DATASET CONTENT |
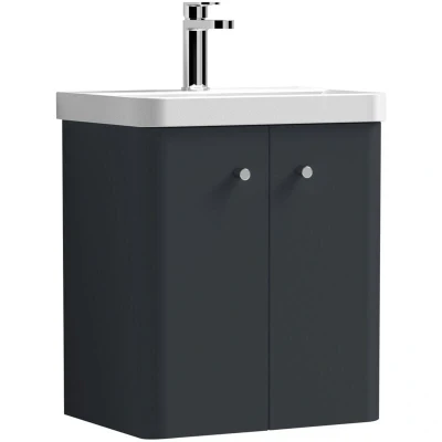 nuie Modern Bathroom Wall Hung 2 Door Vanity Unit with Ceramic Basin, 500mm, Soft Black
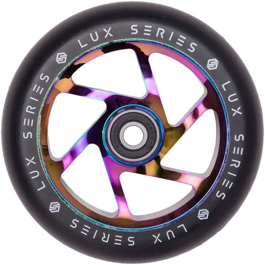 This is the Lux pro scooter wheel from the brand Striker. Having a spoked core that is made of 6061 aluminum, the wheel is classic looking and it has all the right properties such as low weight and durability. Moreover the durometer of 88A attests to the wheel’s perfect mix of grip and speed, making it great for both street and park riding. Striker has designed the wheel with a round profile to give you a stable wheel with less friction and thereby adding speed to your performances.
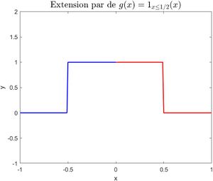 title('Extension par de $g(x)=1_{x\leq 1/2}(x)$','Interpreter','latex',FontSize=15)

WORK ITEM | Please output the entire listing above verbatim and omit its images.

ANSWER FOR THE TASK |
 nuie Modern Bathroom Wall Hung 2 Door Vanity Unit with Ceramic Basin, 500mm, Soft Black
 This is the Lux pro scooter wheel from the brand Striker. Having a spoked core that is made of 6061 aluminum, the wheel is classic looking and it has all the right properties such as low weight and durability. Moreover the durometer of 88A attests to the wheel’s perfect mix of grip and speed, making it great for both street and park riding. Striker has designed the wheel with a round profile to give you a stable wheel with less friction and thereby adding speed to your performances.
 title('Extension par de $g(x)=1_{x\leq 1/2}(x)$','Interpreter','latex',FontSize=15)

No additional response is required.